Yes, I know we say “zero harm” but that is not what we mean
The article seems take these apologetics one step further and redefine, or at least qualify what zero actually means.
In the abstract, the article says:
In this paper the findings are presented of a multinational study involving 27 companies that have adopted a “Zero Accident Vision” (ZAV). [Zero Accident Vision] is the ambition that all accidents are preventable …
However, at least three times in the paper, Zero Accident Vision is referred to as an ambition and commitment to create and ensure safe work and prevent all (serious) accidents.
Again, if this is what you mean by zero, why do not you say it? Surely there is a better way to express your commitment to preventing all “serious” accidents than with the misleading headline of “zero harm” or some other zero derivative, which continually needs to be explained as meaning something other than what it obviously says?
It seems that when we talk about “target zero”, zero is not a target and the aspiration is not even zero.

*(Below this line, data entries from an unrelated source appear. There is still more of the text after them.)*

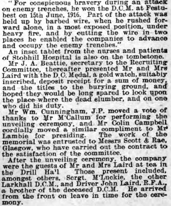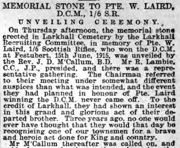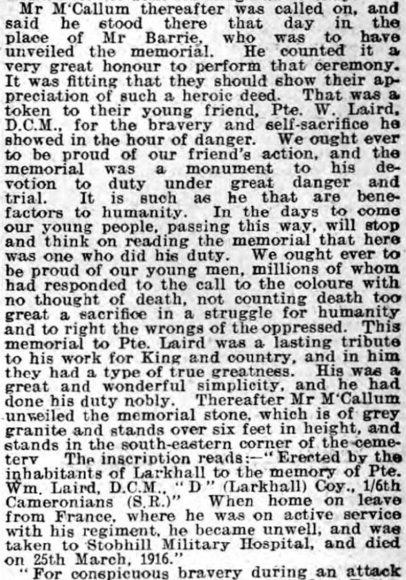 A clipping taken from The Hamilton Advertiser dated 23 December, 1916, page 5, refers to the unveiling of the Memorial Stone to Pte W. Laird, D.C.M, 1/6th Scottish Rifles.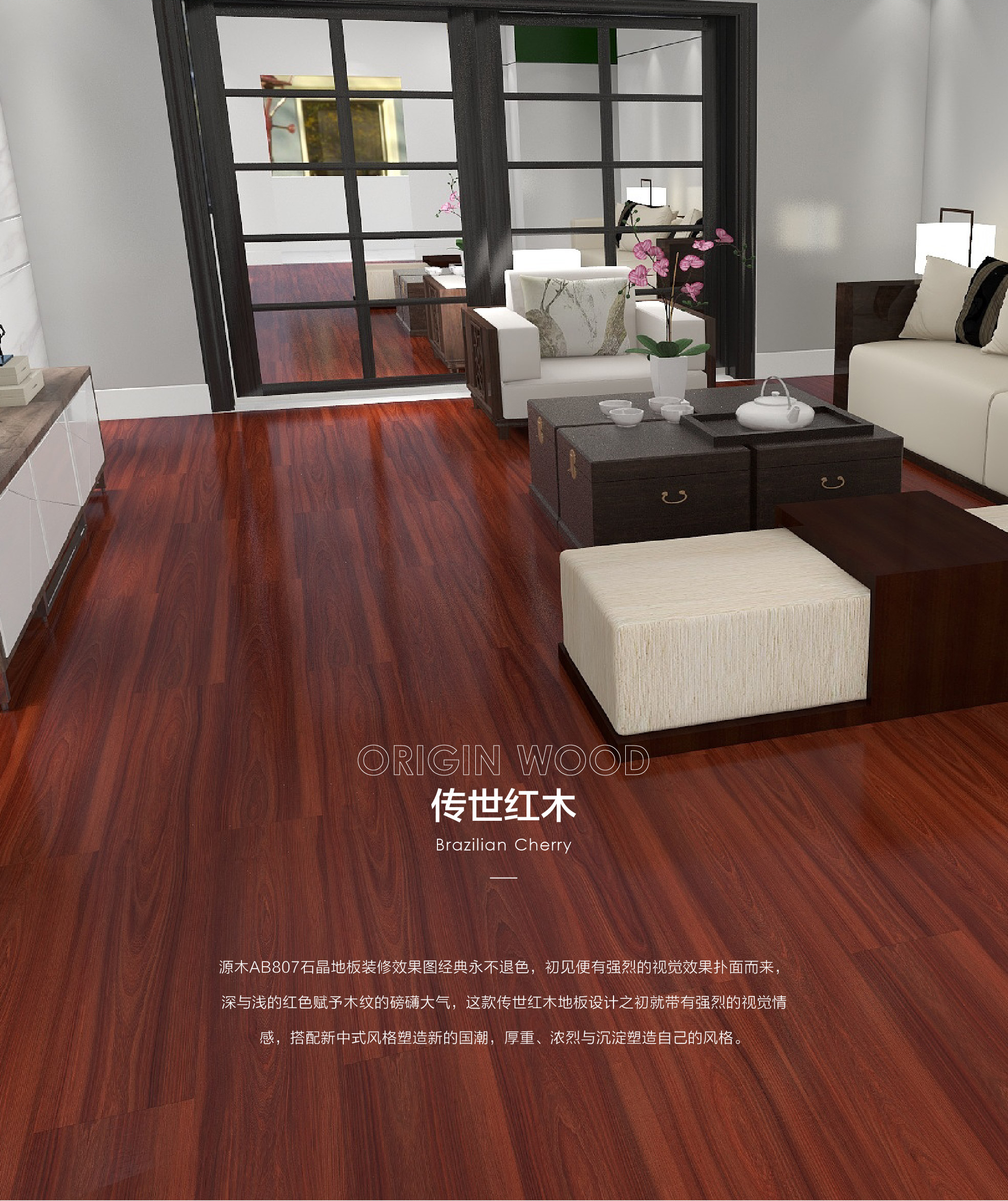 源木AB807石晶地板装修效果图经典永不退色,初见便有强烈的视觉效果扑面而来,深与浅的红色赋予木纹的磅礴大气,这款传世红木地板设计之初就带有强烈的视觉情感,搭配新中式风格塑造新的国潮,厚重、浓烈与沉淀塑造自己的风格。
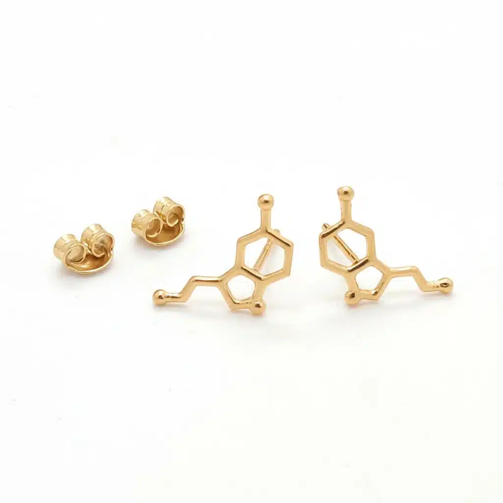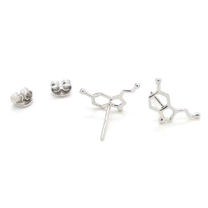 Örhänge med molekylen för Serotonin som är en signalsubstans som reglerar hungern och sömnen. Motverkar även oro och depression och bidrar till vårt välbefinnande. Örhänge som tillverkats i sterlingsilver och har två olika pläteringar.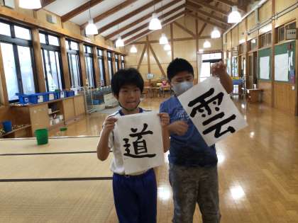 作品を見せにきてくれました。わあ、上手にかけたね!がんばりました。教室に貼ってある前に書いた作品と比べて上手になっていますね!

All of this reinforces my personal experience with workers who see zero philosophies in organisations as confusing and inconsistent with their common sense, day-to-day understanding of what a term like “zero harm” or “zero accident vision” honestly means. No doubt the success factors described in this article would go a long way to clarifying what zero meant in an organisation, but this seems to me to be a rather misguided use of resources.
Surely it is possible to create a vision of safety that is not divisive, contentious or confusing and free up resources to direct the success factors towards achieving better safety outcomes?
What if I did not have a zero vision, but I simply had an honest vision. A vision that said, you know what, I do not think we can prevent all accidents, but we can be 100% committed to preventing all serious accidents?
Would that make more sense to the workers?
I too follow your line of thinking on this subject Greg. For the record, our Vision is "We believe all incidents are preventable" and "Our results will reflect our actions". Why is this our vision, because not everyone believes that all incidents are preventable and until we all truely believe, we have a lot of work to do to make it so. It is then we can work on how we can achieve the outcome. We do have a little contention with the fact we talk incidents holistically and do not talk accidents. A discussion for another day.